The NCC also warns that the high levels of government debt that Ireland is currently experiencing (sixth highest in the OECD) would make it difficult for the Government to boost economic growth in the event of a slowdown. It concurs with the Irish Fiscal Advisory Council’s position that the debt should be paid down now and the reliance on corporation tax to fund spending should be tapered in order to give the Government a more predictable tax base.
The report also features specific recommendations in the six sections that the NCC chose to focus on: digital economy; infrastructure; productivity, skills and education; cost of credit; legal service costs; and general liability insurance costs.
Key recommendations of Ireland’s Competitiveness Challenge 2019
Finalise and publish the New Digital Strategy and the Cyber and Artificial Intelligence strategies; improve Government handling of personal data in line with the Data Sharing Act and establish the Data Governance Board; and provide public funding to SMEs to co-finance investment in digital.

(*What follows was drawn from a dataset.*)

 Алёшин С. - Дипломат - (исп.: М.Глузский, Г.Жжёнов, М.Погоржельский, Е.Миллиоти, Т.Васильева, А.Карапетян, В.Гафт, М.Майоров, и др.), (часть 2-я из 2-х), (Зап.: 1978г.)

Meet the Government’s commitment of increasing public spending to at least 4 per cent of GNI; expedite the publication of the Regional Spatial and Economic Strategies (RSESs) in the Northern & Western and Southern regions; and complete and publish new governance arrangements for major infrastructure projects to mitigate the risk of project overspend and the Construction Sector Productivity Assessment and Action Plan.

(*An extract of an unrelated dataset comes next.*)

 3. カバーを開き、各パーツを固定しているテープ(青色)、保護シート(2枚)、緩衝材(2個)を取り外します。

Productivity, skills and education:
Develop an Action Plan to deliver on the five action areas outlined in the Review of Pathways to Participation in Apprenticeship; and undertake a feasibility analysis of the international schemes outlined in the OECD paper Seven Questions about Apprenticeships to incentivise employers to recruit apprentices from consortia led apprenticeship programmes.
Cost of credit:
Explore options to broaden the Strategic Banking Corporation of Ireland’s on-lending partners; and research and address the factors causing higher SME interest rates in Ireland relative to the euro area on SME loans.
Legal services costs:
Publish the Services Producer Price Index with a more detailed sector breakdown; and ensure that the Legal Services Regulatory Authority is sufficiently resourced to expedite the delivery of its work program.
General liability insurance:
Explore legislative options to compel insurance companies to provide claims data; and publish a report setting out key information on employer liability and public liability insurance claims.